== Exercise aim ==
Please reproduce the data exactly, excluding any pictures it contains.

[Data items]
*** Begin section ***
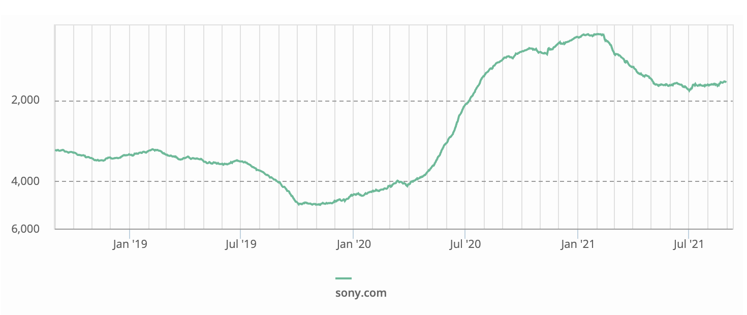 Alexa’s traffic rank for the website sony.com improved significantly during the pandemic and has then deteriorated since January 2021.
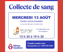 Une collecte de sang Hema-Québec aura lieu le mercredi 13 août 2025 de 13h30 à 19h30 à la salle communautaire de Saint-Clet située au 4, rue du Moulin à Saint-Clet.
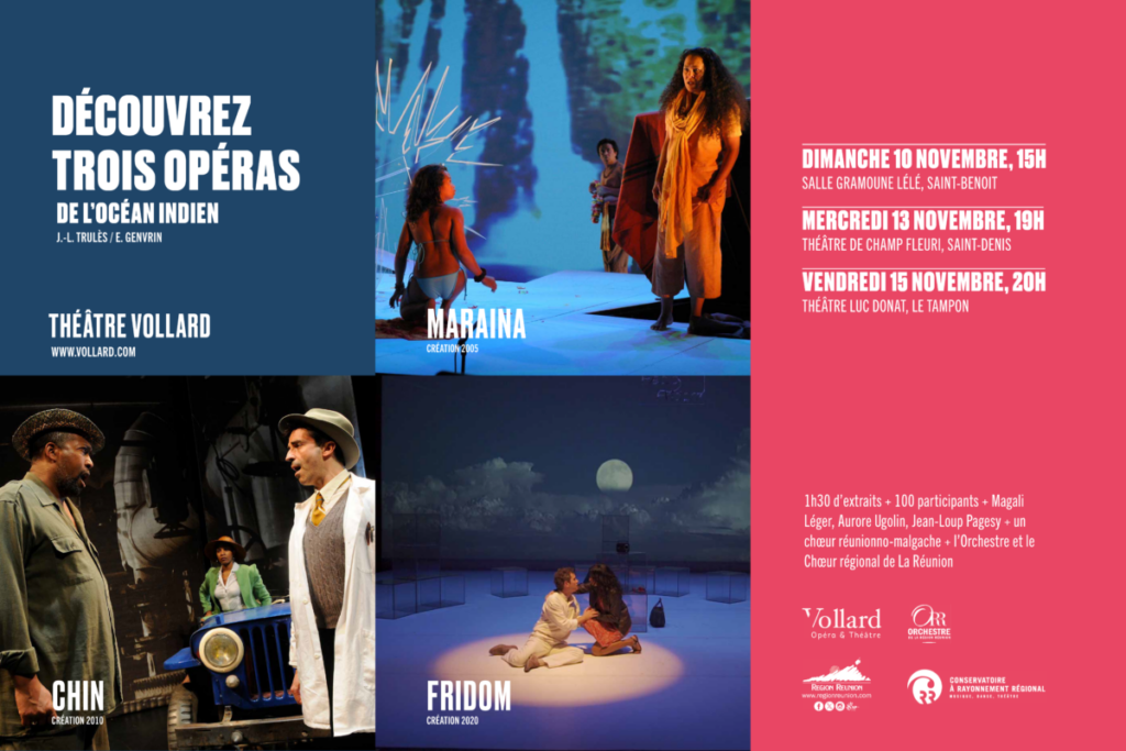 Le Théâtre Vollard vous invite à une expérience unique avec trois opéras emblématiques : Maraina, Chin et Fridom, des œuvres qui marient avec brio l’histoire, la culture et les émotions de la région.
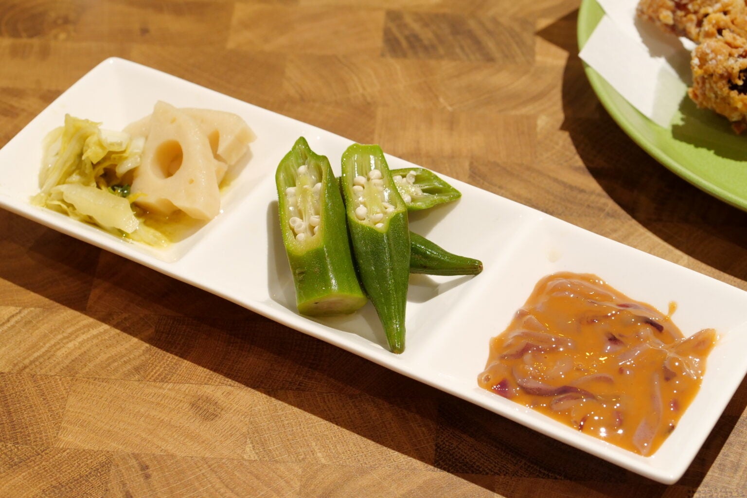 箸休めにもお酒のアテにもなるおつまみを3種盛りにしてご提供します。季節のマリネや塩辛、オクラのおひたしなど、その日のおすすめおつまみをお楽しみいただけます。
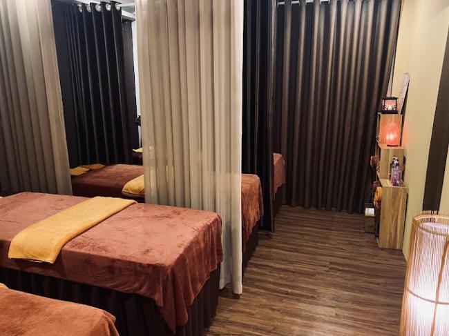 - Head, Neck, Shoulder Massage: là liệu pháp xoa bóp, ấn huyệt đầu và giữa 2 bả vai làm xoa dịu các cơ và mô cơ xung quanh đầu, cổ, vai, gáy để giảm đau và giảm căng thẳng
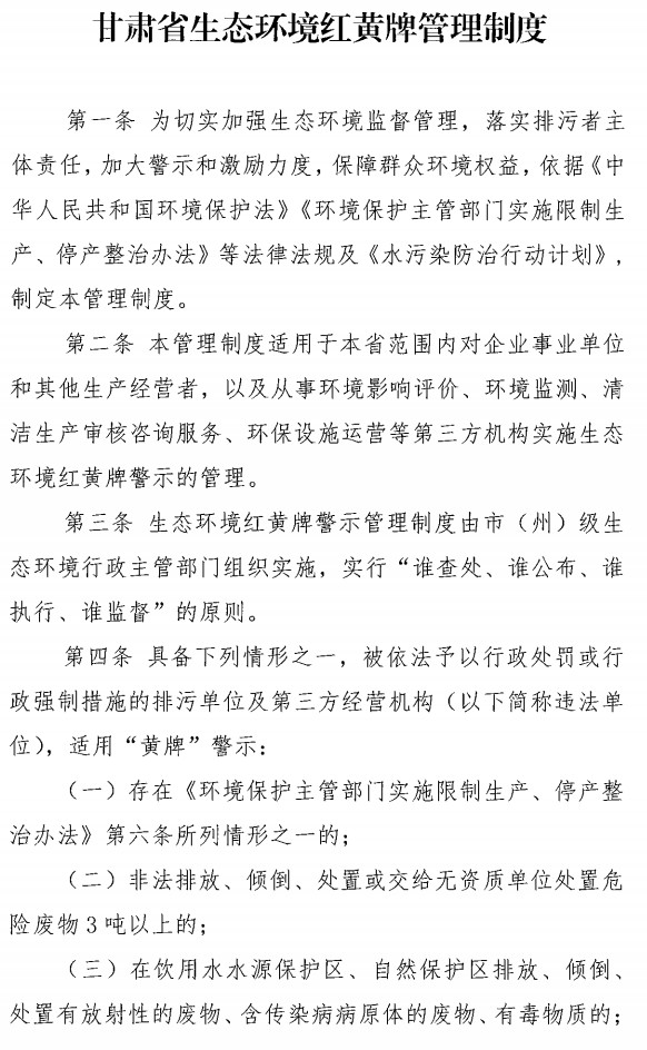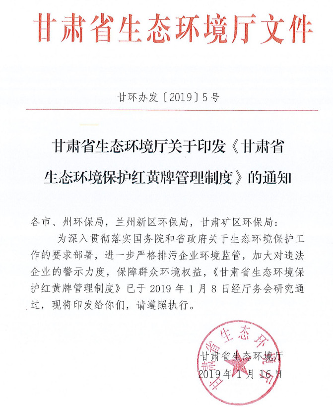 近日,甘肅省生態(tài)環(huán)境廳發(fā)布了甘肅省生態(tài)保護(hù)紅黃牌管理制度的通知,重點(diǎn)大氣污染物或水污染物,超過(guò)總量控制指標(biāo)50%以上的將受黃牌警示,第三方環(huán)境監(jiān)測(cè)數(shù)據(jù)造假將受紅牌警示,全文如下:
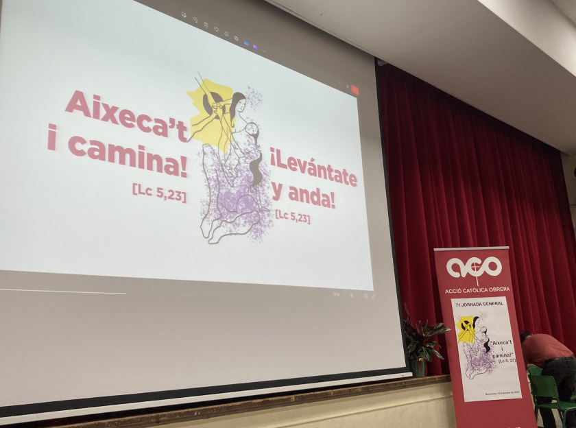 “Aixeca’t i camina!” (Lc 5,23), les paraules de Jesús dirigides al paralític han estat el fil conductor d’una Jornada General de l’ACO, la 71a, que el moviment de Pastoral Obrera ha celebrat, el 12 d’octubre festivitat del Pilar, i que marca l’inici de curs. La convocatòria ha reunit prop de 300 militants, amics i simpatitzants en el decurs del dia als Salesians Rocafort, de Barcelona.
*** End section ***
== Response to this task ==
 Alexa’s traffic rank for the website sony.com improved significantly during the pandemic and has then deteriorated since January 2021.
 Une collecte de sang Hema-Québec aura lieu le mercredi 13 août 2025 de 13h30 à 19h30 à la salle communautaire de Saint-Clet située au 4, rue du Moulin à Saint-Clet.
 Le Théâtre Vollard vous invite à une expérience unique avec trois opéras emblématiques : Maraina, Chin et Fridom, des œuvres qui marient avec brio l’histoire, la culture et les émotions de la région.
 箸休めにもお酒のアテにもなるおつまみを3種盛りにしてご提供します。季節のマリネや塩辛、オクラのおひたしなど、その日のおすすめおつまみをお楽しみいただけます。
 - Head, Neck, Shoulder Massage: là liệu pháp xoa bóp, ấn huyệt đầu và giữa 2 bả vai làm xoa dịu các cơ và mô cơ xung quanh đầu, cổ, vai, gáy để giảm đau và giảm căng thẳng
 近日,甘肅省生態(tài)環(huán)境廳發(fā)布了甘肅省生態(tài)保護(hù)紅黃牌管理制度的通知,重點(diǎn)大氣污染物或水污染物,超過(guò)總量控制指標(biāo)50%以上的將受黃牌警示,第三方環(huán)境監(jiān)測(cè)數(shù)據(jù)造假將受紅牌警示,全文如下:
 “Aixeca’t i camina!” (Lc 5,23), les paraules de Jesús dirigides al paralític han estat el fil conductor d’una Jornada General de l’ACO, la 71a, que el moviment de Pastoral Obrera ha celebrat, el 12 d’octubre festivitat del Pilar, i que marca l’inici de curs. La convocatòria ha reunit prop de 300 militants, amics i simpatitzants en el decurs del dia als Salesians Rocafort, de Barcelona.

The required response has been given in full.